More Albertans teeter towards debt, fearing second shutdown

CALGARY — An increasing number of Albertans are on the brink of getting into debt or exploring financial restructuring — and concerns over a second lockdown or further economic slide is adding to concerns.

According to Statistics Canada, between June 2019 and June 2020, 5.7 per cent more Albertans are filing consumer proposals, which is a less drastic than bankruptcy in that it allows an insolvency trustee to work out repayment to creditors, so that an asset like a house is not seized.

Insolvency firm Bromwich & Smith released a survey that said 17 per cent of Albertans are likely to explore insolvency with one in 10 likely to do so next month.

“Under normal circumstances or pre-pandemic, we saw that five in 1,000 Canadians are likely to file for insolvency, so that’s 0.5 per cent and that’s quite a leap in the last year,” said Jasmine Marra, the firm’s vice president of marketing.

Some Calgarians are anxious about losing their jobs.

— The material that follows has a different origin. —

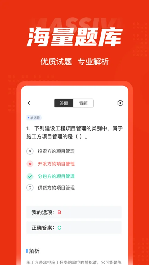 二级建造师题库内含考点练习,全国通用卷以及地区卷模拟练习,以及按照固定考试比重的随机式的抽题的真题考场,成绩单实时记录考试数据,一点一滴的反馈考生近期学习状态以及自我正确率的提升,大大的给予考生通过考试的信心。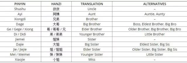 中国的称呼:

“There’s this heightened fear of ‘what if they shut you down,’ it’s always been there,” said Henry Nwosu, an apprentice aviation mechanic for Canadian North.

Air travel plummets

Statistics Canada reports there are 86.8 per cent fewer air travel passengers from August 2019 to August of this year — and this past summer was the industry’s worst-ever summer season.

His work continues to be steady, but his wife took a pay cut at her job since the pandemic started.

“That alone reduced our family income and immediately we had to start re-strategizing in how to manage the situation,” said Nwosu.

The added challenge of the pandemic compounded their economic difficulties since arriving to Calgary as newcomers from Nigeria two and a half years ago.

Nwosu will soon take exams for recertification, as his licence and experience did not directly transfer.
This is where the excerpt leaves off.